Positive and balancing selections are terms used to characterize different aspects that selection forces might impose on a population. Positive selection, also termed directional or purifying selection, refers to the selection process through which a particular phenotype (or genotype) is favored in a given environment, which leads to an increase of its frequency in a population. In contrast, balancing selection refers to the selective process through which multiple alleles are selected, thus preserving the genetic diversity in a population. Balancing selection is often observed when heterozygous animals have a competitive advantage. Alternatively, these may be regions of convergent selection across groups. Importantly, both positive and balancing selection phenomena can be tracked using SNP genotypes or sequence data from the cattle genome.

SNP genotyping has become widely used in animal genetics and a number of methods have been developed to identify regions under selection. Out of these FST is a widely used statistic to evaluate the diversity of subpopulations of animals or to determine the relative distance between populations. Many variations of the FST concept [7] exist, but all adhere to the core principle of being a metric of allele frequencies and their variance. This metric has also been used to identify loci under selection [810].

In this study, we used a pure drift FST model [11] which assumes all animals originated from the same ancestral population. This model was applied to taurine and zebu animals to identify loci under selection. These two groups correspond to the main (and most ancestral) separation of domestic cattle, which in most but not all cases corresponds to animals adapted to tropical and temperate environments. The identification of such loci can aid in the identification of genes and genomic variants that are related to environmental adaptation and/or selection derived from human agro-pastoral activities.


Statement on the ethical use of animals

No ethics statement was required for the collection of genetic material. The DNA from animals included in this study were either part of previous analyses that obtained specific permissions [12] or were extracted from semen straws collected in accredited AI centers in accordance with the Brazilian legislation on animal welfare.

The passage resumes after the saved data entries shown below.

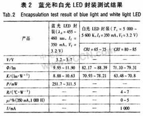 根據(jù)LED的光學(xué)結(jié)構(gòu)及芯片、封裝材料的性能,建立了光學(xué)設(shè)計(jì)模型和軟件仿真手段,優(yōu)化了封裝的光學(xué)結(jié)構(gòu)設(shè)計(jì)。通過封裝工藝技術(shù)改進(jìn),減少了光的全反射,提高了產(chǎn)品的取光效率。改進(jìn)導(dǎo)電膠的點(diǎn)膠工藝方式,并對(duì)裝片設(shè)備工裝結(jié)構(gòu)與精度進(jìn)行了改進(jìn),采用電熱隔離封裝結(jié)構(gòu)和優(yōu)化的熱沉設(shè)計(jì),降低了器件熱阻,提高了產(chǎn)品散熱性能。采用等離子清洗工藝,改善了LED封裝界面結(jié)合及可靠性。針對(duì)照明應(yīng)用對(duì)光源的光色特性的不同要求,研究暖白、日光白、冷白光LED顏色的影響因素:芯片參數(shù)、熒光粉性能、配方、用量,并通過改進(jìn)熒光膠涂覆工藝,提高了功率LED光色參數(shù)的控制能力,生產(chǎn)出與照明色域規(guī)范對(duì)檔的產(chǎn)品。藍(lán)光和白光LED封裝測(cè)試結(jié)果見表2。表中:φ為光通量;K為光效;P為光功率;R為熱阻;μ為光衰;I為飽和電流。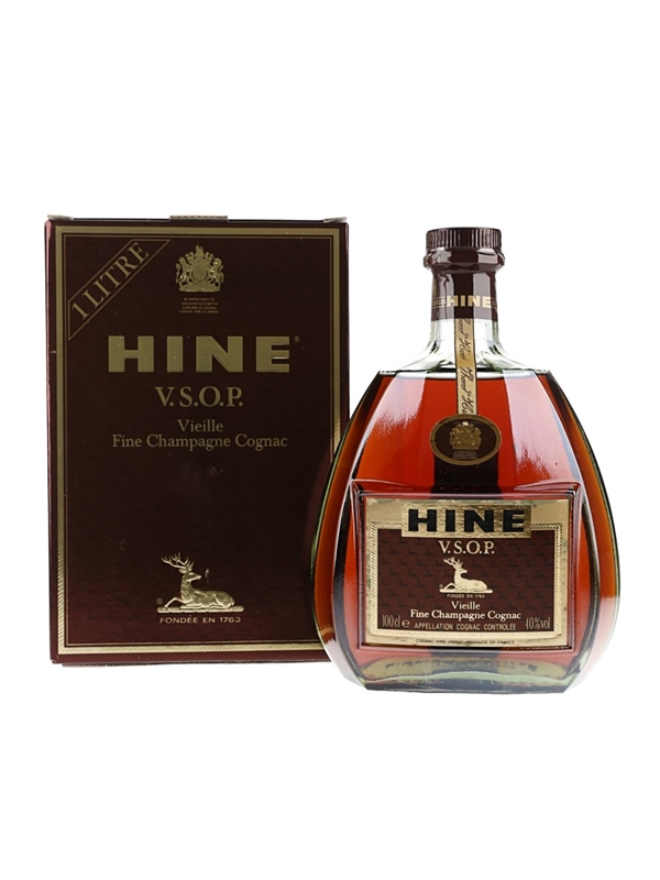 A litre bottle of Hine VSOP Vieille Fine Champagne Cognac. We estimate this was bottled in the 1980s.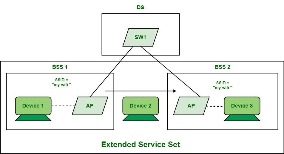 - 하나의 AP로만 구축, 이동하며 네트워크 접속 불가능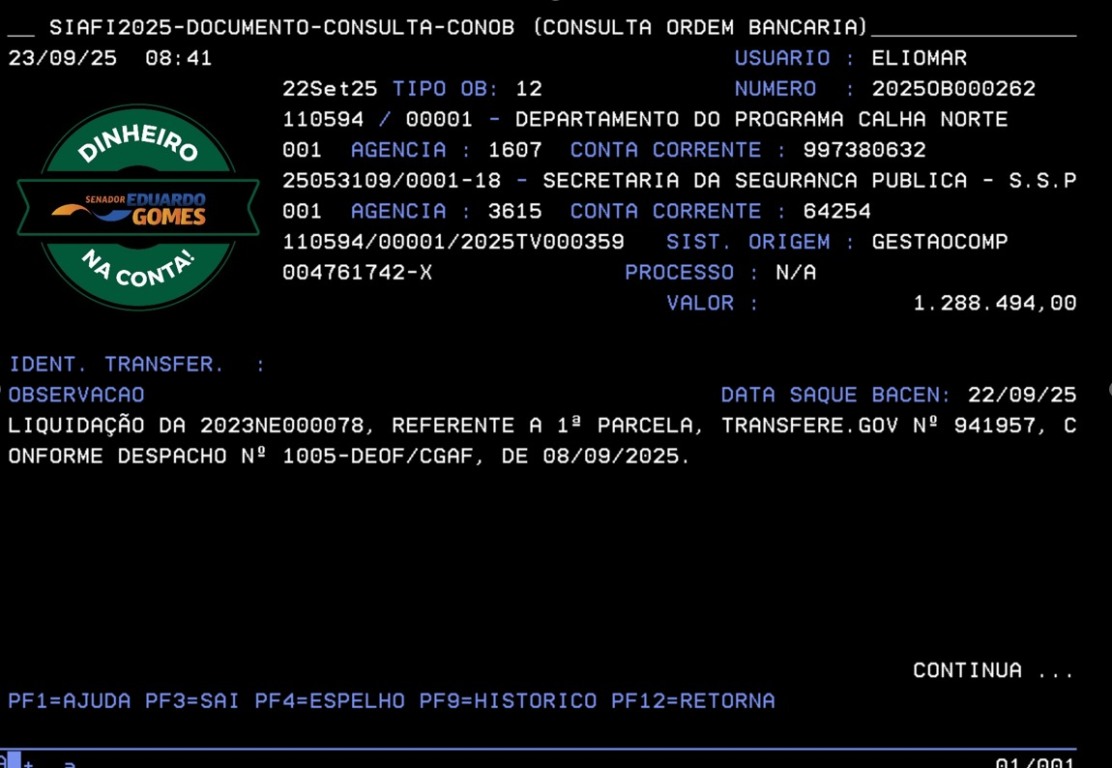 Foi liberado o valor de R$ 1,2 milhão para a Secretaria de Segurança Pública do Tocantins. O valor foi destinado pelo senador Eduardo Gomes através do programa Calha Norte para a compra de quatro viaturas especiais para a polícia.

Cattle samples and SNP genotypes

All individuals were genotyped using the BovineHD BeadChip that includes ~777 K SNP (Illumina, Inc. San Diego, USA) following standard procedures. The SNP set included in this genotyping platform was carefully selected to reduce the potential for ascertainment bias during SNP discovery. Seven different grouping of breeds were used to assess the minor allele frequency of all available SNP, this included Holstein, Angus, Nelore, Bos taurus taurus dairy excluding Holstein, Bos taurus taurus beef ignoring Angus, Bos taurus indicus excluding Nelore, and adapted Bos taurus taurus (e.g. Senepol). This was complemented with sequence data from 30 breeds that were compiled and weighted to minimize ascertainment bias. More information on the BovineHD can be found in the supplier’s website (

Only animals with call rates > = 98%, and SNP with more than 95% successful genotypes were kept in the final dataset. Filtering was also based on available pedigree information and the estimated proportion of alleles shared identical-by-descent (PI_HAT > 0.8) ([13], animals with high relatedness were excluded. A total of 339 Bos taurus taurus or taurine individuals from the Bovine Hapmap DNA panel [12] were included in the analyses. Breeds represented in this group were: Angus (n = 44), Brown Swiss (n = 24), Charolais (n = 37), Guernsey (n = 21), Hereford (n = 36), Holstein (n = 63), Jersey (n = 39), Limousin (n = 47), Norwegian Red (n = 17), and Red Angus (n = 11). The Bos taurus indicus or Zebu animals (n = 166) were also from the Bovine Hapmap experiment, and they were complemented with additional individuals. Breeds represented in this group were: Nelore (n = 91), Gir (n = 50), and Guzera (n = 25). Even though Brahmans are considered zebu animals, it is known that taurine animals were also used during the breed formation and expansion; therefore they were not included in these analyses.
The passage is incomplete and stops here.